---------- Provided records

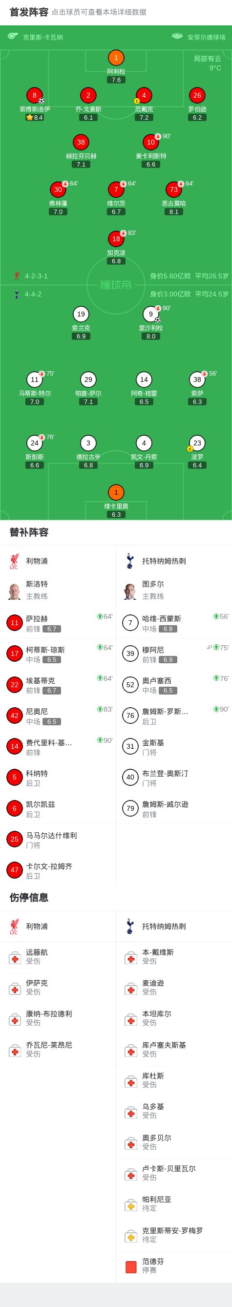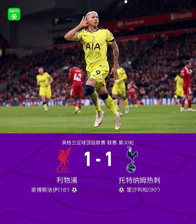 - 劍南春|利物浦1-1熱刺,索博斯洛伊任意球破門,里沙利松絕平
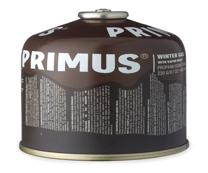 Primus ‘Winter Gas’ schroefpatroon. Vloeibaar gas verdampt steeds slechter naarmate het kouder wordt. Primus ‘Winter Gas’ lost dit probleem op en verbetert de prestaties bij temperaturen tot – 22 °C.
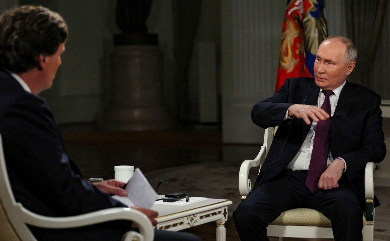 2月9日,弗拉基米爾·普京在莫斯科克裏姆林宮接受塔克·卡爾森採訪時回答提問。圖片來源:Gavriil Grigorov/Kremlin Pool/Zuma Press弗拉基米爾·普京給西方上了一堂歷史課。在最近接受塔克·卡爾森採訪時,普京重申了他認為俄羅斯對烏克蘭擁有主權的信念,他稱烏克蘭是俄羅斯於862年建立的。除了東歐歷史專家,美國人可能根本不明白普京在説什麼。
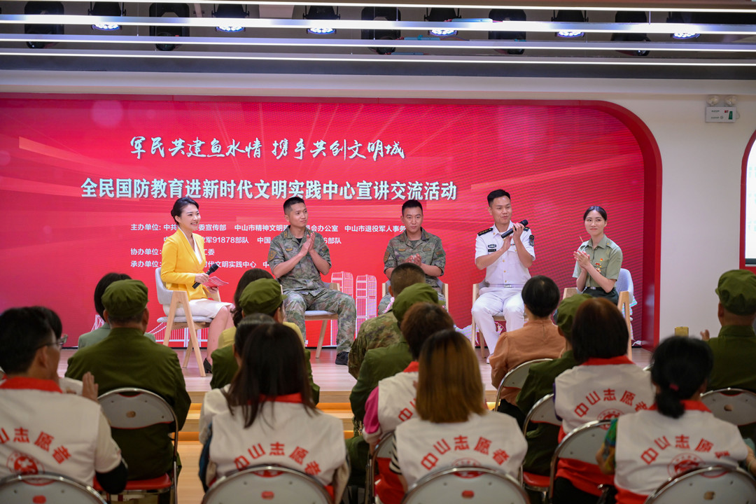 5月18日下午,全民國防教育進(jìn)新時代文明實踐中心宣講交流活動在中山市民眾街道新時代文明實踐中心舉行,退役軍人代表、基層群眾、村干部以及受邀出席的中國人民解放軍91878部隊、69316部隊官兵代表等200余人參加活動。  活動現(xiàn)場。記者 易承樂 攝
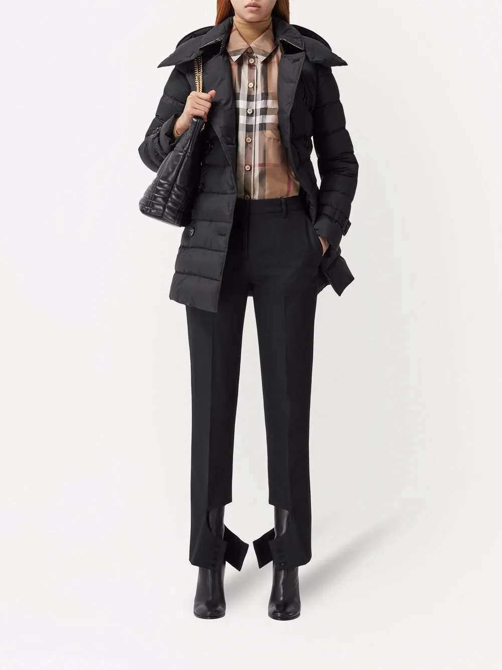 Effen design, gewatteerd design, afneembare capuchon, lange mouwen, knoopsluiting aan de voorzijde, taille met ceintuur en twee steekzijzakken.

--------------------

Task instructions =
Once the line holding "活動現(xiàn)場。記者 易承樂 攝" is found, copy it and each later line exactly through the end of the data, leaving out the pictures.

Task answer =
 5月18日下午,全民國防教育進(jìn)新時代文明實踐中心宣講交流活動在中山市民眾街道新時代文明實踐中心舉行,退役軍人代表、基層群眾、村干部以及受邀出席的中國人民解放軍91878部隊、69316部隊官兵代表等200余人參加活動。  活動現(xiàn)場。記者 易承樂 攝
 Effen design, gewatteerd design, afneembare capuchon, lange mouwen, knoopsluiting aan de voorzijde, taille met ceintuur en twee steekzijzakken.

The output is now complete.